Challenge getting delta from two document change allowing split/merge/move text inside json nodes #46

Hideman85 · 2021-07-14T13:36:20Z

Hello community,

I'm trying to find a way to compute delta on a json tree with the minimal size possible (so with the ability to split/move/match nodes)

I first tried to implement an algorithm from scratch using the slate operations that I gather each time the editor got an update and try to optimize them in a way to get only the relevant operations at the end. It is pretty easy to combine/merge text operations, but when you come to nodes operations, the task become a real nightmare.

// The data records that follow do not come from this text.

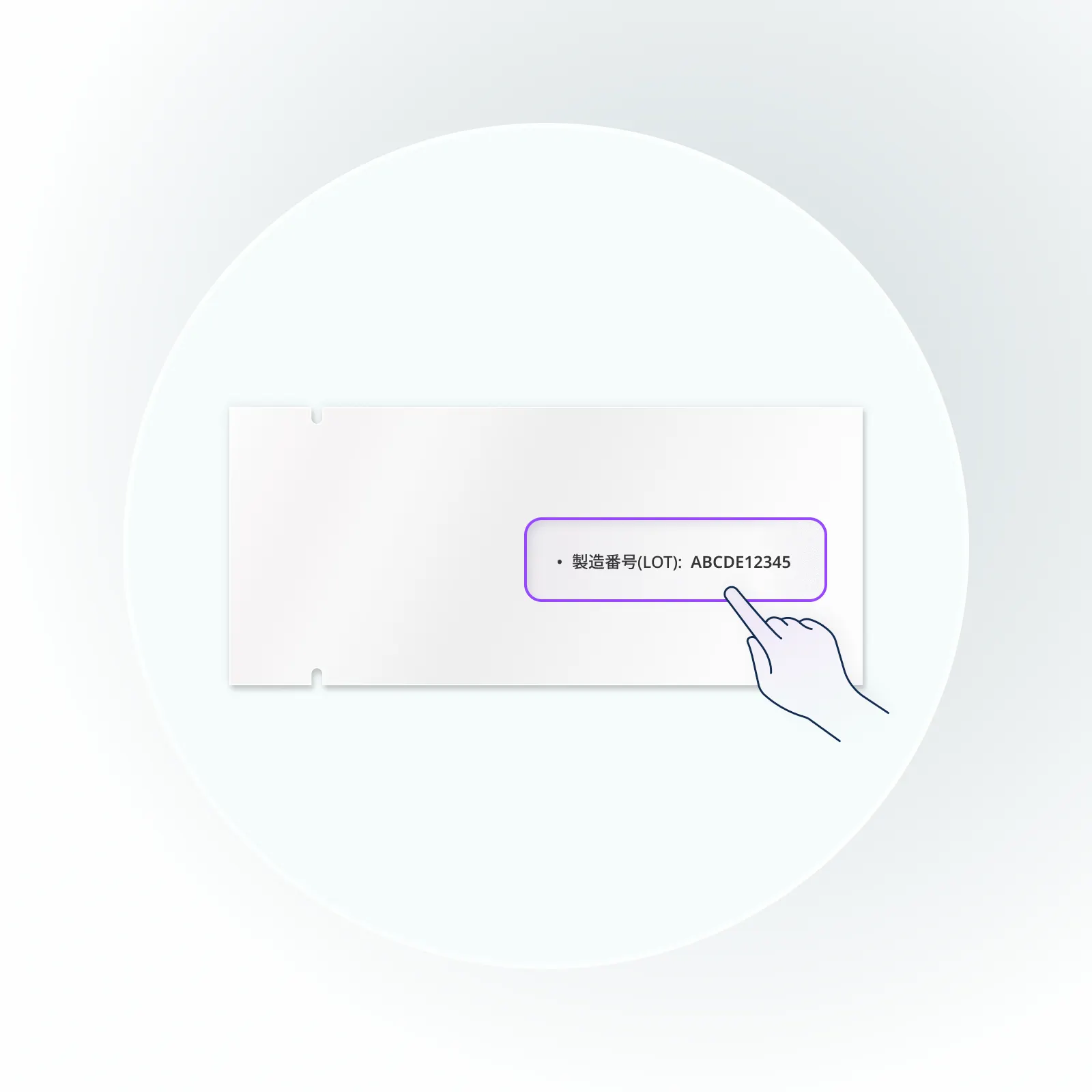 パッケージ箱の側面または個別スティックのフォイルパウチに印字されたLOT番号を、アプリに直接入力することもできます。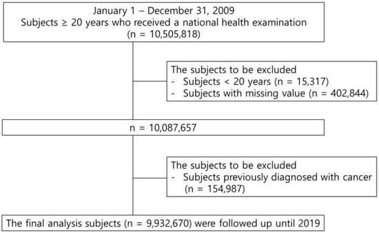 A total of 9,932,670 subjects aged ≥ 20 years with check-ups between January 2009 and December 2009 who had no history of any malignancy or missing data were included. Figure 1 shows the study design. They were followed up until the diagnosis of kidney cancer or death, or until December 2019. This study was conducted according to the Declaration of Helsinki. It was approved by the Institutional Review Board of the Catholic University of Korea (No.SC20ZESI0143). Informed consent was waived because only anonymized and deidentified data were used. This study followed Reporting studies Conducted using Observational Routinely collected health Data (RECORD) guidelines.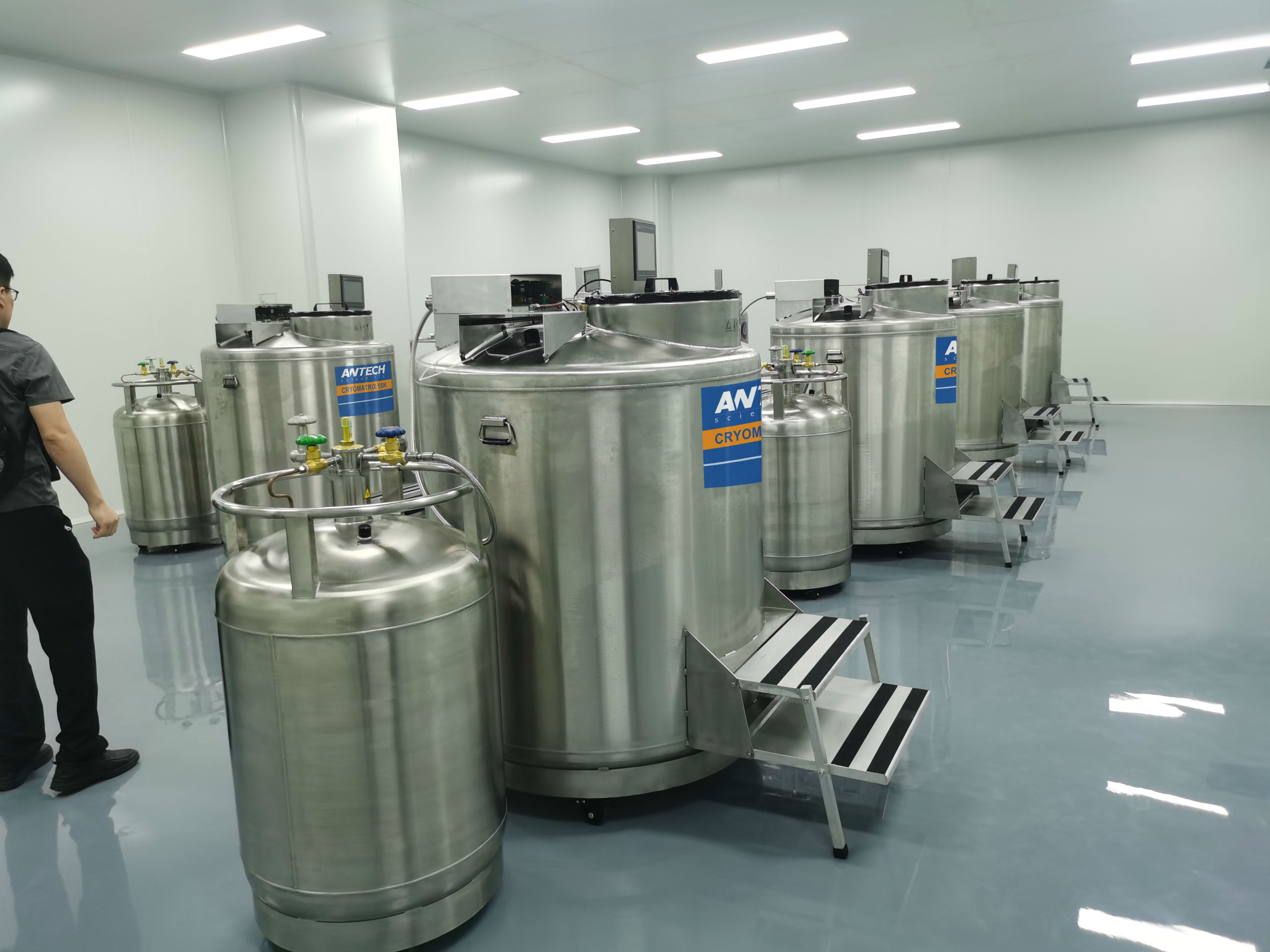 Antech Cryogenic freezer (liquid nitrogen container) for biobank vapor storage 2ml vials storage quantity is from 10K to 128K. 0.5ml, 5ml vials, and different blood bags 25ml,50ml, 200ml to 700ml can be also long time stored. The top temperature is lower than 180°C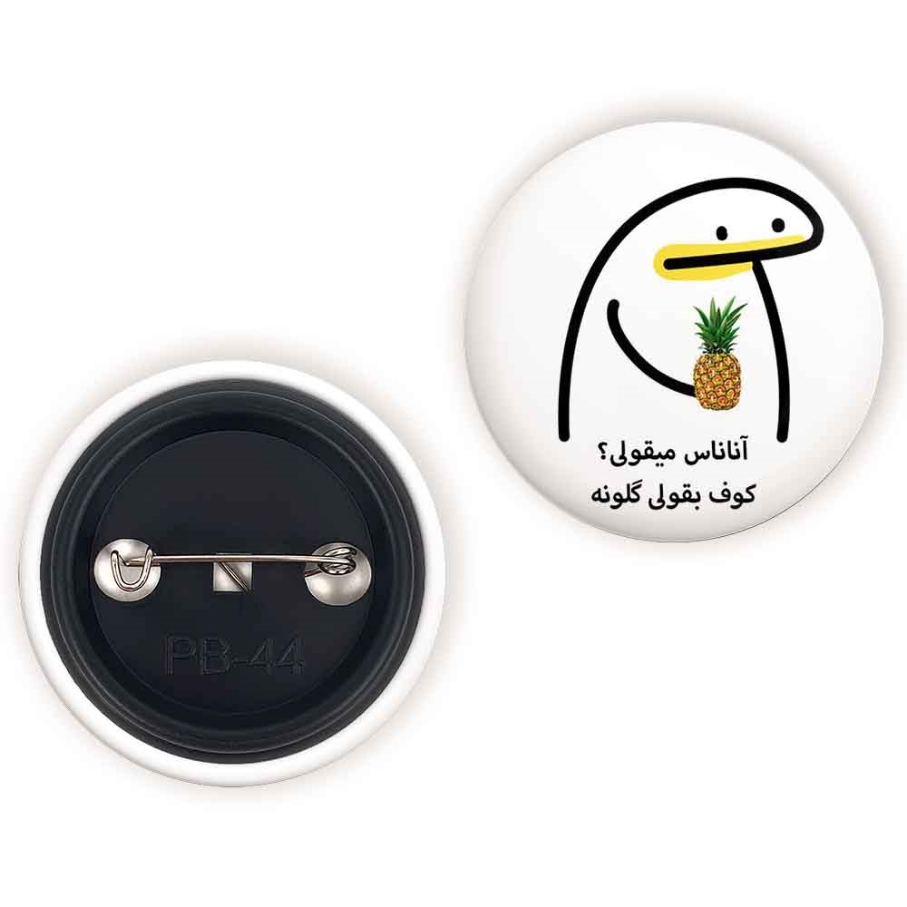 پیکسل 44 میلی متری آناناس میقولی؟ خندالو با روکش سلفون حرارتی مات مخملی ضدخش و قطعه پشتی رنگی تولید شده است. قطعات پلاستیکی پشت پیکسل با سوزن یک تکه ثابت و بدون لغزش و جا به جایی، ایستایی بسیار بهتری نسبت به پشتی فلزی پیکسل دارند که این مهم در تولید این محصول نیز رعایت شده است. چاپ پیکسل آناناس میقولی؟ نیز با دستگاه های استاندارد و با بهترین سطح کیفی صورت گرفته و طرح با شفافیتی مثال زدنی و با سلفونی بدون شکست نور بر روی پیکسل نقش بسته است. همچنین بسته بندی جذاب و مینیمال پیکسل آناناس میقولی؟ ، آنها را مناسب هدیه کرده است.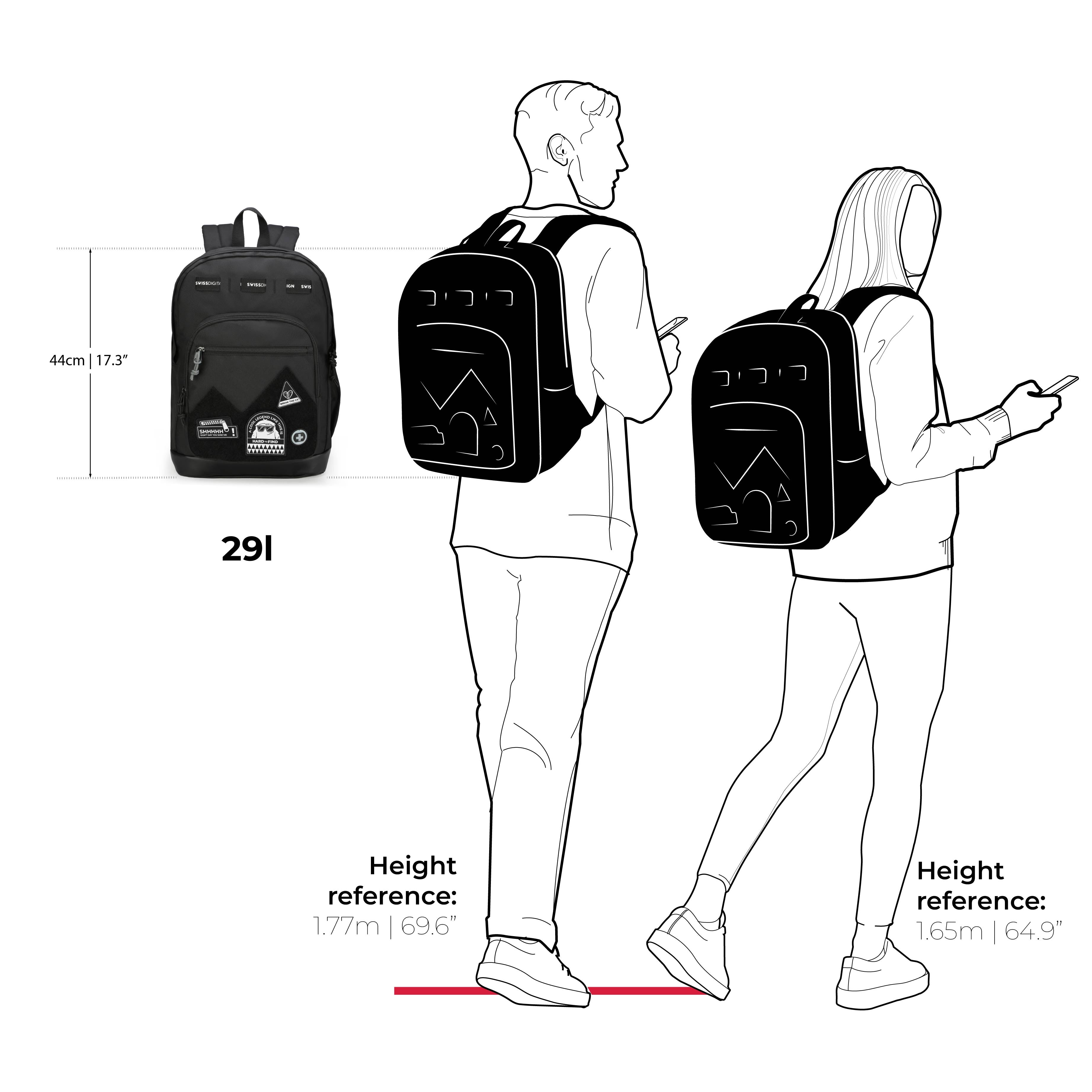 Der BERIKON Black Backpack ist ein stylischer Rucksack. Sein Design macht ihn perfekt für Studenten und Berufstätige. Das ist nicht nur ein Rucksack, sondern deine persönliche Stil-Leinwand! Dank der Klettverschluss-Einsätze kannst du ganz einfach lustige Aufnäher anbringen, entfernen oder austauschen, je nach Laune, Interessen oder Outfit.

I first get to know google diff-match-patch for plain text that works well on planar data to find out what has been moved or replaced, but like explained it do not work well for structured data.
Continuing the research by looking json diffing libraries, but you are facing libraries that do not try to find moving/splitting nodes and results with remove everything and insert everything.
Then you can find interesting work made on structured data with the homologous format XML and understand you are facing a NP-hard problem with a lot of academic research on the subject and lot of different libs with pros and cons (XMLDiff, XyDiff, graphtage, ...).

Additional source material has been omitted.